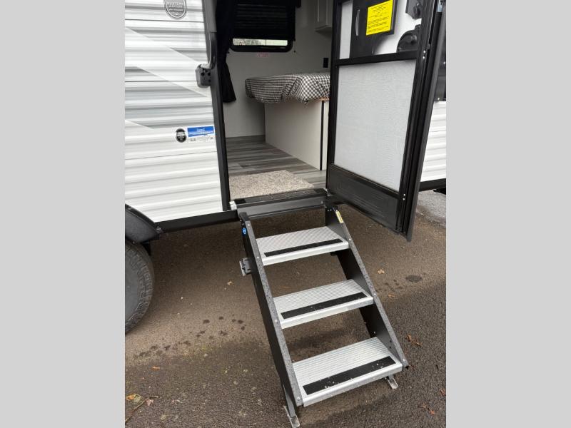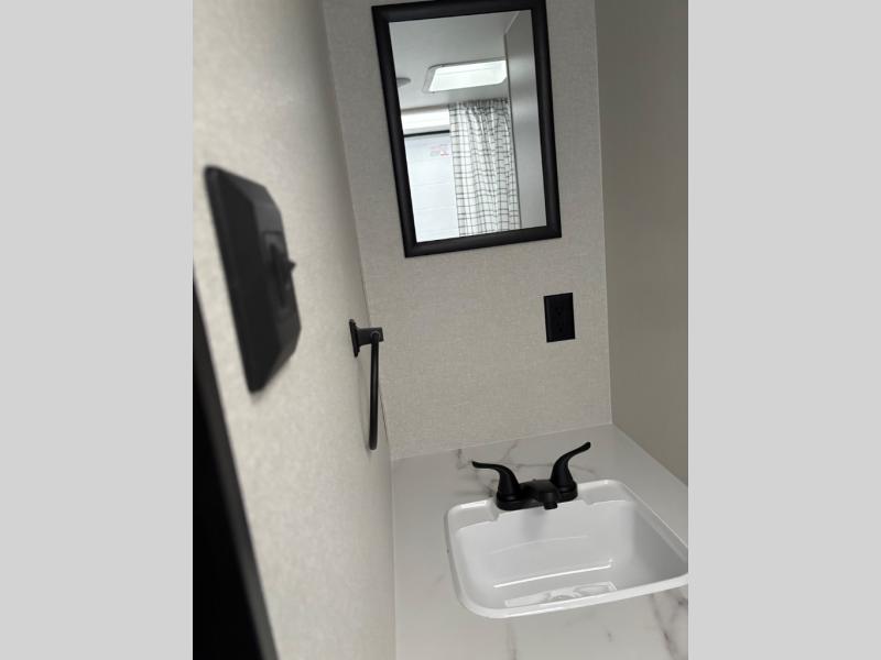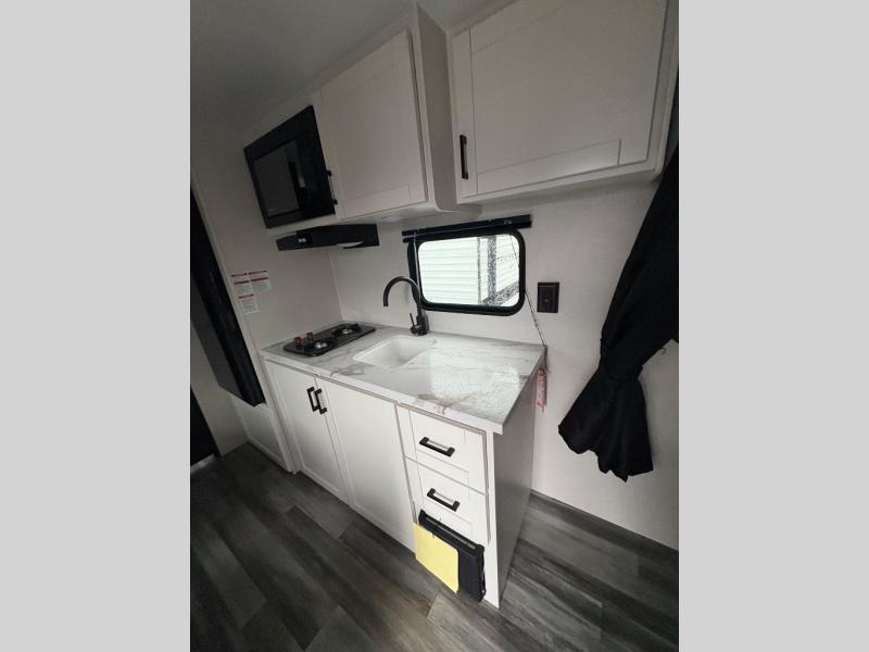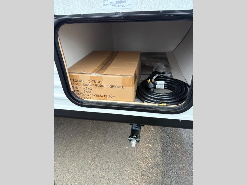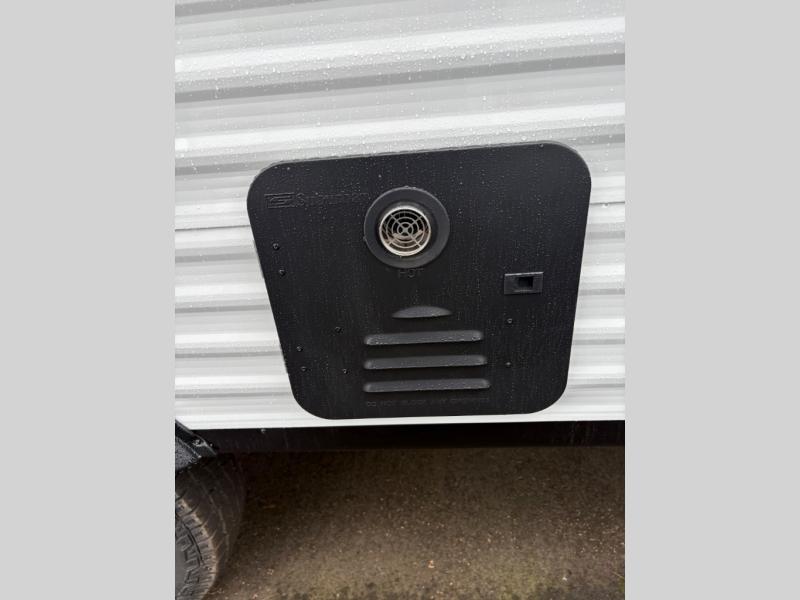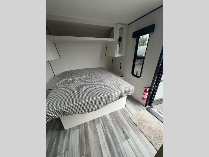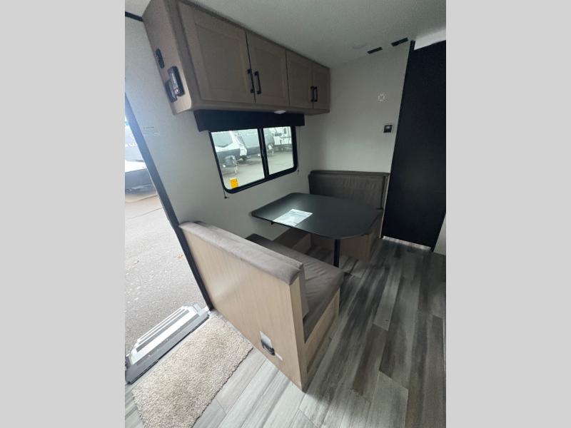 This travel trailer includes everything you need for fun trips at the lake. When you arrive at the campground, you can unload the exterior storage, then put out the 12' power awning with LED lights. There is also an LP Quick Connect if you want to hook up your own grill! The booth dinette inside will provide a place to dine together, and the full rear bath with a tub/shower will make bath time easier than ever for little ones. A front RV queen bed will provide a great night's rest, and the privacy curtain will be appreciated when you're getting dressed in the morning.
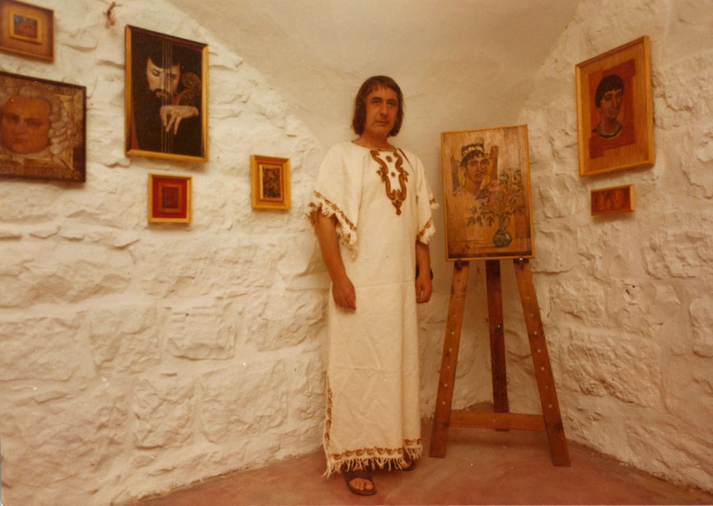 Я догнал друзей и мы, пройдя налево по проспекту, вошли в мрачноватый подъезд одного из домов по правой стороне, оказавшийся проходным и очутились во дворе, откуда новое парадное привело нас на шестой этаж, где мы остановились перед дверью, покрытой рваной ватной обивкой. Около кнопки звонка виднелись «пацифики» и ещё какие-то знаки, нацарапанные цветным карандашом. Дверь нам открыл человек более чем колоритный, — во всяком случае, по советским меркам семидесятых годов. По виду — лет около пятидесяти, длинные, почти до плеч волосы, видавший виды махровый халат. На фоне чёрного прямоугольника дверного проёма вырисовывался острый, как у майринковского персонажа профиль бритого лица. «Ну, входите, раздевайтесь»,- вкрадчивым глуховатым голосом изрёк человек, а сам удалился куда-то в недра по-видимому, весьма обширной квартиры. Последовав за ним, мы миновали по правую руку несколько тёмных комнат, и оказались на ярко освещённой кухне с потолком, расписанным золотыми звёздами по тёмно — синему фону. Эта была не единственная деталь помещения, роднившая его с алхимической лабораторией: справа от плиты, в шкафу, теснились штанглассы с разноцветными солями, а на самой плите, для кастрюль и сковородок оставалось мало места от странного вида приспособлений для плавки, щипцов и тиглей. Над плитой, на полке для посуды, классически красовались колбы для перегонки и прочие стеклянные фаустовские атрибуты. В воздухе витал запах каких-то смол, следы которых виднелись и в некоторых колбах. «Ничего себе, попал»,- подумалось мне. «Чаю, гм, дадут?»,- раздался всё тот же вкрадчивый магический голос. Из обосновавшегося на кухне явно богемного общества, отделилась какая-то фигура, и появились новые чашки. Меня пригласили сесть за стол в старинное плюшевое кресло. Сам хозяин присел рядом и, закурив «Беломор» спросил: «Кто вы, у вас хорошее поле, вы христианин?». Сейчас, когда разговоры о «полях», «энергетике» и тому подобных материях, даже раздражения уже не вызывают своей банальностью, я бы и не обратил внимания на такое обращение. Но тогда, в 70-е все обстояло совсем по-другому. Мы, юные мистики- неформалы состояли в одном из первых эшелонов общего подспудного движении умов к сверхъестественному и живо реагировали на малейшее упоминание о чем либо, касающемся парапсихологии или оккультизма.
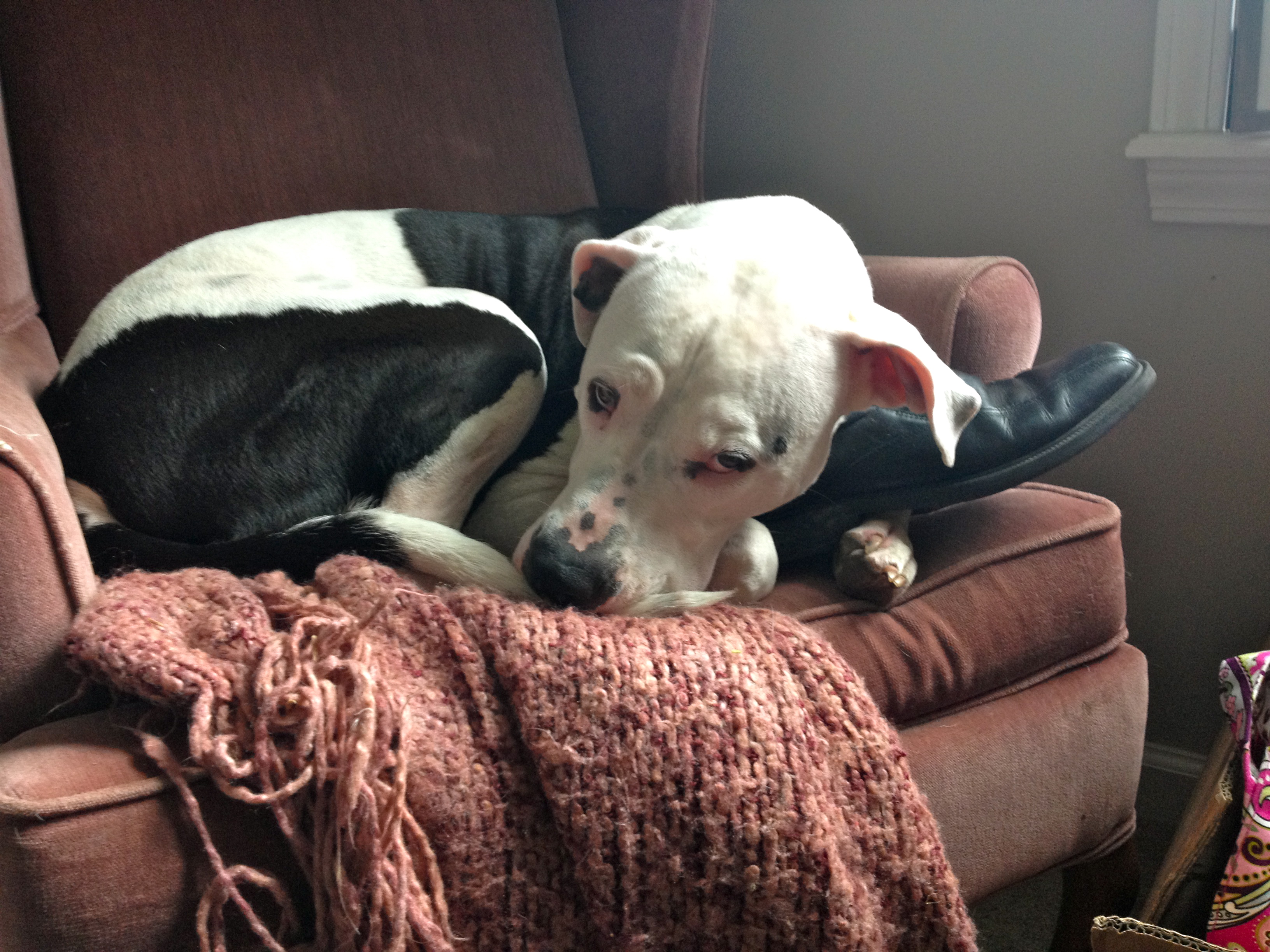 But we didn’t freak out. We noticed, rather quickly, that Lois had, in fact, picked up Mike’s fancy shoe so she could cuddle with it, and there wasn’t a scratch on it. Which isn’t half as naughty as it is totally adorable. No new shoe needed; Mike is on time for his gig; I’m already back to work.

══════

What the exercise asks — Please print the data above in its entirety, exactly, but without any picture.

Exercise solution —
 This travel trailer includes everything you need for fun trips at the lake. When you arrive at the campground, you can unload the exterior storage, then put out the 12' power awning with LED lights. There is also an LP Quick Connect if you want to hook up your own grill! The booth dinette inside will provide a place to dine together, and the full rear bath with a tub/shower will make bath time easier than ever for little ones. A front RV queen bed will provide a great night's rest, and the privacy curtain will be appreciated when you're getting dressed in the morning.
 Я догнал друзей и мы, пройдя налево по проспекту, вошли в мрачноватый подъезд одного из домов по правой стороне, оказавшийся проходным и очутились во дворе, откуда новое парадное привело нас на шестой этаж, где мы остановились перед дверью, покрытой рваной ватной обивкой. Около кнопки звонка виднелись «пацифики» и ещё какие-то знаки, нацарапанные цветным карандашом. Дверь нам открыл человек более чем колоритный, — во всяком случае, по советским меркам семидесятых годов. По виду — лет около пятидесяти, длинные, почти до плеч волосы, видавший виды махровый халат. На фоне чёрного прямоугольника дверного проёма вырисовывался острый, как у майринковского персонажа профиль бритого лица. «Ну, входите, раздевайтесь»,- вкрадчивым глуховатым голосом изрёк человек, а сам удалился куда-то в недра по-видимому, весьма обширной квартиры. Последовав за ним, мы миновали по правую руку несколько тёмных комнат, и оказались на ярко освещённой кухне с потолком, расписанным золотыми звёздами по тёмно — синему фону. Эта была не единственная деталь помещения, роднившая его с алхимической лабораторией: справа от плиты, в шкафу, теснились штанглассы с разноцветными солями, а на самой плите, для кастрюль и сковородок оставалось мало места от странного вида приспособлений для плавки, щипцов и тиглей. Над плитой, на полке для посуды, классически красовались колбы для перегонки и прочие стеклянные фаустовские атрибуты. В воздухе витал запах каких-то смол, следы которых виднелись и в некоторых колбах. «Ничего себе, попал»,- подумалось мне. «Чаю, гм, дадут?»,- раздался всё тот же вкрадчивый магический голос. Из обосновавшегося на кухне явно богемного общества, отделилась какая-то фигура, и появились новые чашки. Меня пригласили сесть за стол в старинное плюшевое кресло. Сам хозяин присел рядом и, закурив «Беломор» спросил: «Кто вы, у вас хорошее поле, вы христианин?». Сейчас, когда разговоры о «полях», «энергетике» и тому подобных материях, даже раздражения уже не вызывают своей банальностью, я бы и не обратил внимания на такое обращение. Но тогда, в 70-е все обстояло совсем по-другому. Мы, юные мистики- неформалы состояли в одном из первых эшелонов общего подспудного движении умов к сверхъестественному и живо реагировали на малейшее упоминание о чем либо, касающемся парапсихологии или оккультизма.
 But we didn’t freak out. We noticed, rather quickly, that Lois had, in fact, picked up Mike’s fancy shoe so she could cuddle with it, and there wasn’t a scratch on it. Which isn’t half as naughty as it is totally adorable. No new shoe needed; Mike is on time for his gig; I’m already back to work.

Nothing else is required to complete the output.